CIMS @ Film Fest Gent 2021
(08-10-2021) It has become a yearly tradition that CIMS has a strong presence at Film Fest Gent (FFG), Belgium’s most important film festival. For the 2021 edition, CIMS co-operates with FFG for the next events.
On 14 October, CIMS member Lies Van de Vijver presents the book she wrote with Guy Dupont (Archief Gent) and Roel Vande Winkel (LUCA & KU Leuven) on historical cinema culture in Gent.
BOOK: Gent Filmstad. Cinema’s en filmaffiches 1938-1961
In the mid-twentieth century, cinema experienced its golden years. Never before did so many people go to the movies, were there so many cinemas, and were so many movie posters put up. This changed from the 1960s onwards when television conquered living rooms and the car invited trips and journeys. During the 1930s, 1940s and 1950s, Belgian cinema culture flourished not only in cities like Brussels and Antwerp, where film distributors and the printing houses of film posters were located. When it came to film experience, Ghent was also a film city of note. The enormous collection of more than nine thousand Belgian film posters from the archives of the municipal police, kept in Ghent Archives, is the most appealing of all. Rare photographs, building plans, film programs, archive documents and interviews with the moviegoers of the time complete the picture. the moviegoers of the time complete our picture of the more than thirty cinemas Ghent had at the time, from the luxurious film theaters in the city center to the modest cinemas in the modest cinemas in the neighborhoods.
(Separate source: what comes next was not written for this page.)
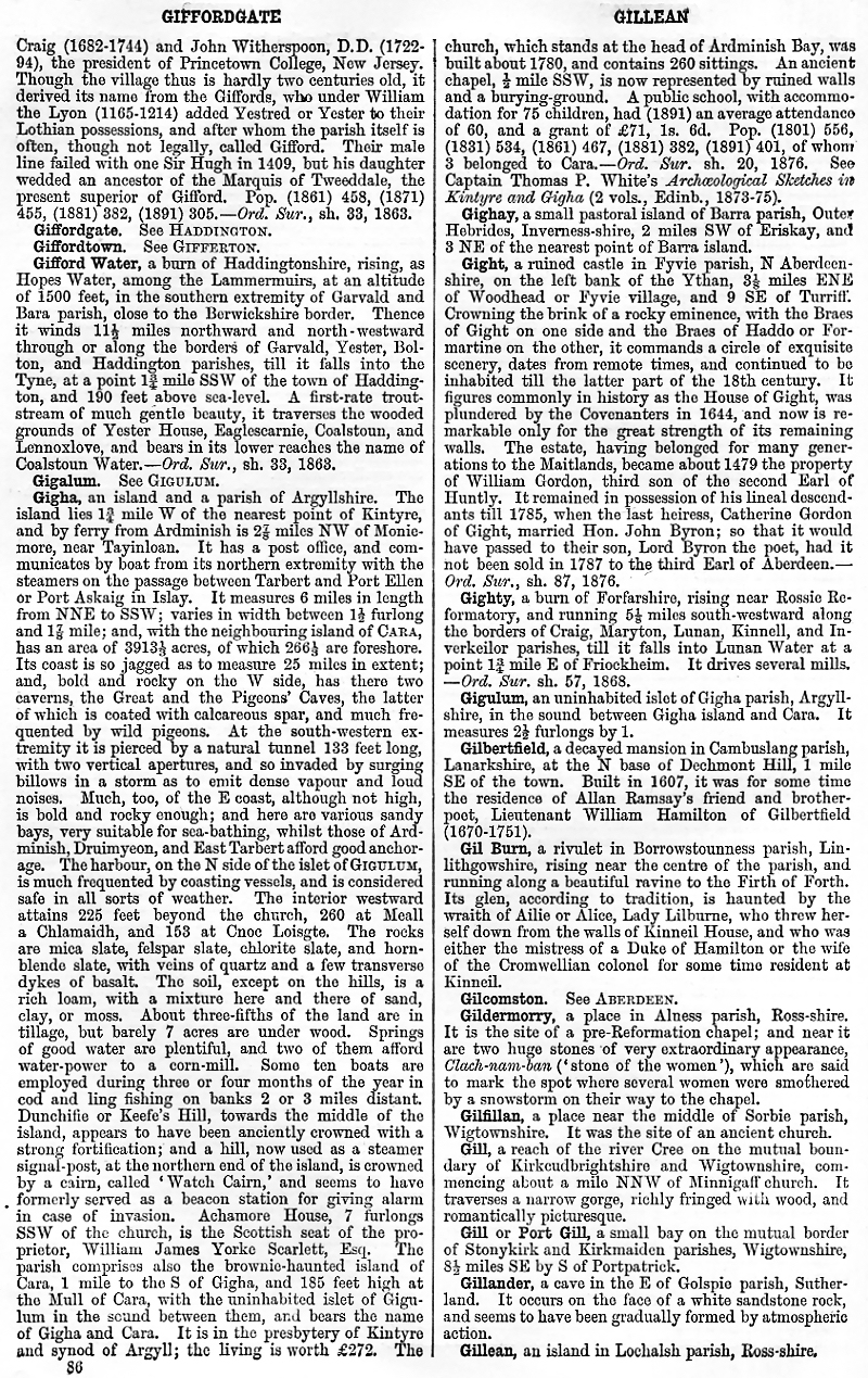 Gigalum, Gigha, Gighay, Gight, Gighty, Gigulum, Gilbertfield, Gil Burn,

LECTURE: Wordt verwacht! De Gentse bioscopen in de Jaren 1950.
Using the unique collection of film posters from Ghent Archives, Lies van de Vijver takes you through the popular 1950s cinemas in Ghent and the surrounding area. The 1950s were the golden years for film screenings in Ghent. After the Second World War and before every living room had a television, Ghent had more than thirty cinemas.
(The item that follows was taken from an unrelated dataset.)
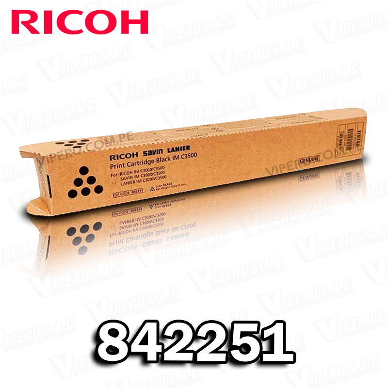 El Tóner Ricoh 842251 es un cartucho de tóner negro original Ricoh con alto rendimiento (aproximadamente 31 000 páginas) y está diseñado para utilizarse en impresoras láser multifunción de la serie Ricoh IM C3000 / IM C3500 y sus equivalentes de otras marcas.

Thursday, 14/10, 7.30pm-9pm, De Krook
EXHIBITION: Filmaffiches voor Gentse cinema’s, 1938-1961
From the unique collection of 9,000 film posters, 150 posters were selected and re-released for an exhibition on film posters in the years 1938 - 1961. Using ten genres, you can experience the highlights of cinema at the time. The exhibition also pays attention to the most famous cinemas from that period and their moviegoers by exhibiting unique archival material.
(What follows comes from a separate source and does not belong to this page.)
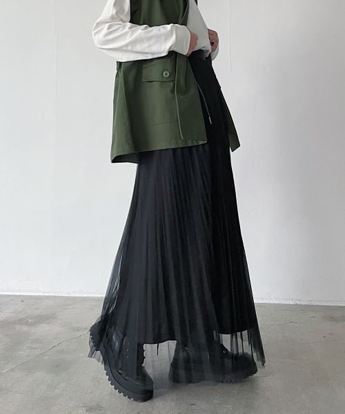 ーーー チュールが軽やかなランダムプリーツスカート 軽やかで柔らかいチュール素材を生かした動きのあるランダムプリーツスカート。 裾に向かってフレアが広がり体のラインを拾いにくく美しいシルエットで作っています。 ウエストは全てゴムなのでストレスフリー! ーーー 落ち感のある軽い素材感でボリュームのあるスウェットやニットともバランス良く着用可能。 オフとチャコールは裏地が微配色になっており、オシャレかつ透けにくい作りに。 どんなトップスともバランスよく使える1枚です。 〈注意事項〉 ・サンプルにて撮影をしておりますので、実際の商品とは素材や仕様・加工・サイズ等が若干異なる場合がございます。 ・モニター・環境等により実際の商品と色味が多少異なって表示される場合がございます。予めご了承をお願いいたします。 ・撮影環境により、光の当たり具合で色味が違って見える場合があります。あらかじめご了承下さい。

9 Sept – 29 Oct 2021, de Krook
INTERVIEW AND LAUNCH: open access platform Cinema Belgica
On 14 October, CIMS member Daniel Biltereyst and his team will present Cinema Belgica, an open-access platform for sharing, enriching, analyzing and sustaining data on cinema history in Flanders and Belgium from 1896 onwards. A first beta version of Cinema Belgica was presented during FFG 2020, but now a much more elaborated version will be presented and made available without password. Daniel Biltereyst will be talking about Cinema Belgica with Patrick Duynslaegher during a Film Fest Talkie or Café in Kinepolis (14 October, at 1 p.m.).